Approximate integral is 0.01795, with error < 0.001.

1Step 1: Express the Function as a Series

The given function is the product of \( x^2 \) and \( e^{-x^2} \). We start by expressing \( e^{-x^2} \) as a power series. The exponential function \( e^{-x^2} \) can be expanded using Taylor series:\[e^{-x^2} = 1 - x^2 + \frac{(x^2)^2}{2!} - \frac{(x^2)^3}{3!} + \cdots.\]

2Step 2: Multiply Series by \(x^2\)

To approximate the integral of \( x^2 e^{-x^2} \), multiply each term of the series \( e^{-x^2} \) by \( x^2 \):\[x^2 e^{-x^2} = x^2 \left(1 - x^2 + \frac{x^4}{2} - \frac{x^6}{6} + \cdots\right) = x^2 - x^4 + \frac{x^6}{2} - \frac{x^8}{6} + \cdots.\]

3Step 3: Integrate Term by Term Over \([0, 0.5]\)

Integrate each term individually from 0 to 0.5:\[\int_0^{0.5} x^2 \: dx = \frac{x^3}{3}\Bigg|_0^{0.5} = \frac{0.5^3}{3} - 0 = \frac{1}{24},\]\[\int_0^{0.5} x^4 \: dx = \frac{x^5}{5}\Bigg|_0^{0.5} = \frac{0.5^5}{5} - 0 = \frac{1}{320},\]\[\int_0^{0.5} \frac{x^6}{2} \: dx = \frac{x^7}{14}\Bigg|_0^{0.5} = \frac{0.5^7}{14} - 0 = \frac{1}{3584},\]\[\int_0^{0.5} \frac{x^8}{6} \: dx = \frac{x^9}{54}\Bigg|_0^{0.5} = \frac{0.5^9}{54} - 0 = \frac{1}{55296}.\]

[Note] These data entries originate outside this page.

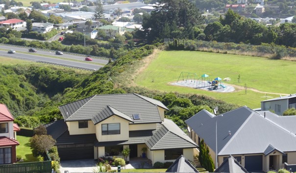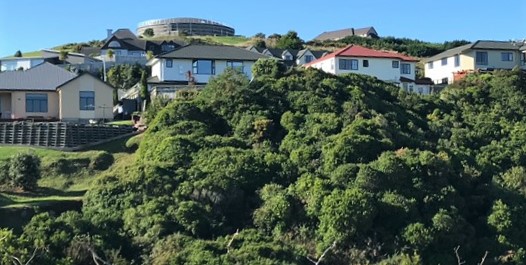 To the east, there are views of housing in part of Woodman Drive and Mervyn Kemp Drive. The low growing bush is visible in front of the housing. To the west, housing in parts of the southern area of Tawa can be seen, beyond the SH1 motorway.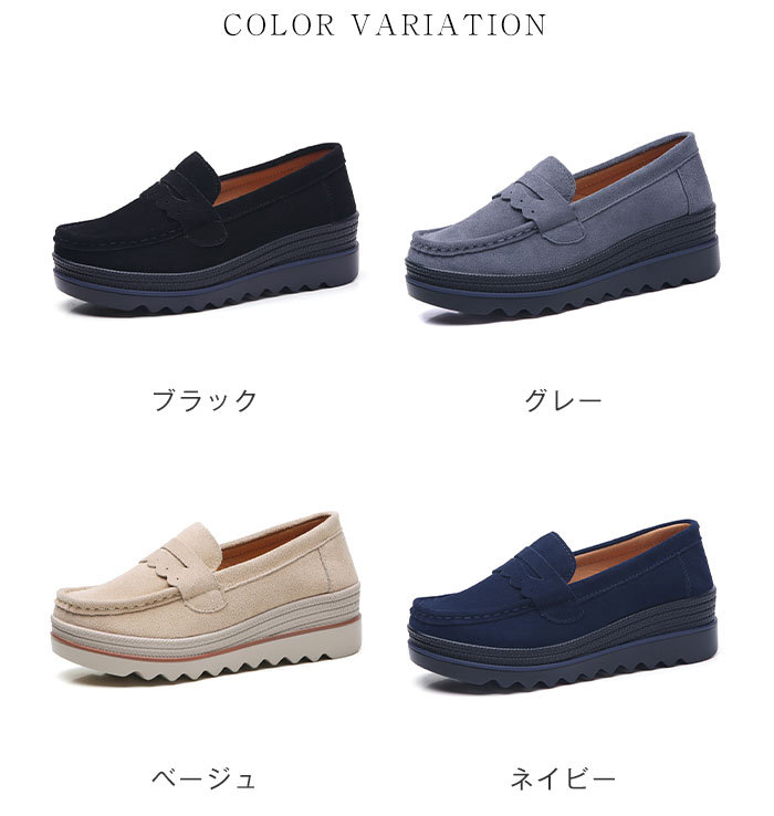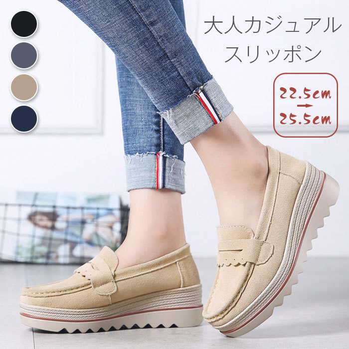 厚底スリッポン 軽量 レディース 靴 靴 新登場! ブラック グレー ベージュ ネイビー 35 36 37 38 39 40 41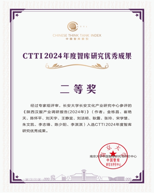 论坛发布了CTTI 2024年度智库建设最佳案例与智库研究优秀成果的征集推介结果、CTTI 2024年度增补来源智库名单。我院《陕西汉服产业调研报告(2024年)》荣获CTTI 2024年度智库研究优秀成果二等奖,长安文化产业研究中心入选“中国智库索引”(CTTI)来源智库,实现历史性突破。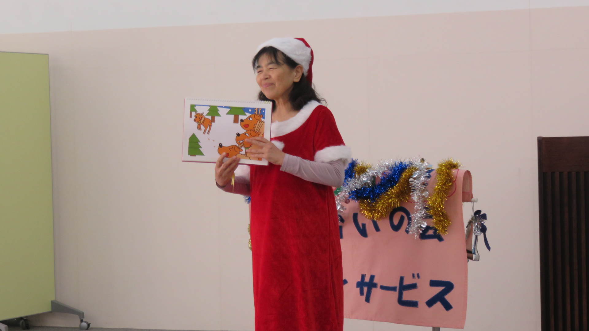 サンタやトナカイの衣装で、12月のクリスマス会を盛り上げる会員の皆さん。口腔体操をしっかり行った後は、口を大きく開けて、クリスマスソングを合唱し、参加者の皆さんが笑顔で歌う姿は、この茶話会を楽しみに参加している気持ちが伝わってきました。また、参加者から、「いつもありがとう!」と歓声が上がっていました。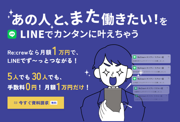 スポット人材の"使い捨て"解消へ—スキマバイト経験者をLINEでつなぎ直す再雇用特化サービス「Re:crew」正式リリース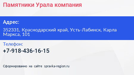 Памятники Урала, компания по адресу 352331, Краснодарский край, Усть-Лабинск, Карла Маркса, 101 в дальнейшем Организация, размещена в следующих категориях: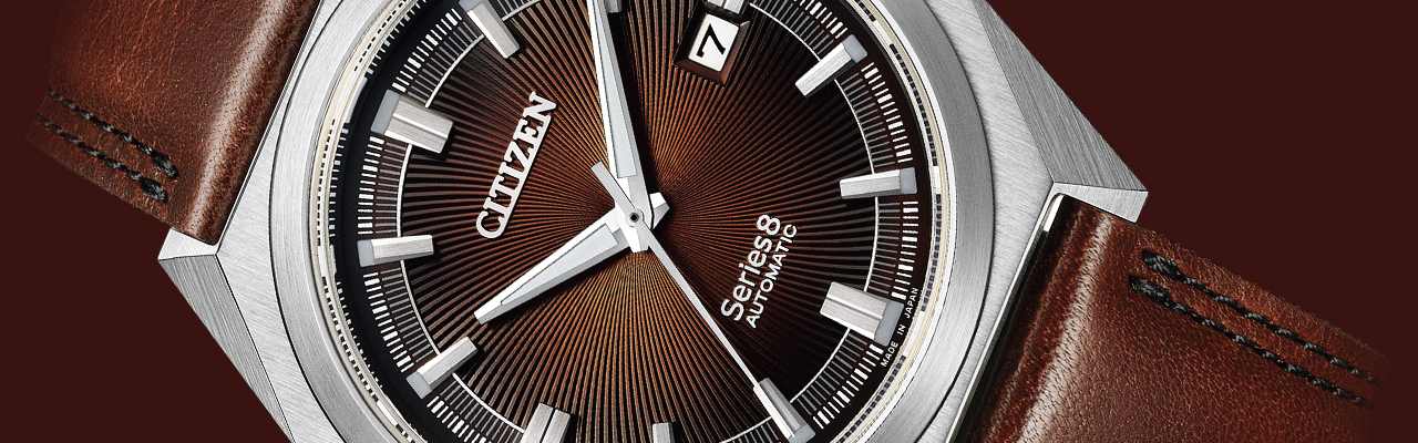 隨著這兩年CITIZEN強勢進軍機械錶市場,品牌旗下的機械錶款也越來越豐富。2023年品牌為定位在中高階的Series 8系列推出胡桃木新色錶款。錶款隸屬於831系列,搭載9051自動機芯。這枚機芯由於安裝抗磁的游絲和零件,大幅提升了抗磁性能,其抗磁高達16,000A/m,因此當靠近產生磁場的設備接近1公分距離,也不會影響到機芯正常運作,至於其精準度則為日誤差-10~+20秒。依循831系列的系列標誌,此錶採用切角俐落的八角造型錶殼以及錶冠位置的梯形護橋結構,而面盤則是搭配全新的胡桃木色彩,帶出沉穩的紳士感覺,面盤上還有做放射狀線條裝飾。

4Step 4: Sum the Integrated Series

Add the results of the integration up to the point where the error is less than 0.001:\[\int_0^{0.5} x^2 e^{-x^2} \: dx \approx \left(\frac{1}{24} - \frac{1}{320} + \frac{1}{3584} - \cdots\right).\] Calculate the sum up until the absolute value of the terms becomes smaller than the desired error threshold of 0.001:\[\frac{1}{24} - \frac{1}{320} + \frac{1}{3584} \approx 0.0208 - 0.003125 + 0.000279 = 0.017954.\]

5Step 5: Verify the Error

Calculate the next term \( \int_0^{0.5} \frac{x^8}{6} \: dx \), which is \( \frac{1}{55296} \approx 0.000018 \), smaller than 0.001. Hence, stopping after the \( x^6 \) term gives a sufficient approximation.

Key Concepts

Taylor SeriesDefinite IntegralError EstimationPower Series Expansion

Taylor Series

The Taylor Series is a powerful mathematical tool that allows us to approximate complex functions using polynomials. This is particularly useful when the function itself is challenging to work with directly. In this exercise, we're dealing with the exponential function \(e^{-x^2}\). By expanding \(e^{-x^2}\) into a Taylor series around 0, we can express it as:

\( e^{-x^2} = 1 - x^2 + \frac{(x^2)^2}{2!} - \frac{(x^2)^3}{3!} + \cdots \)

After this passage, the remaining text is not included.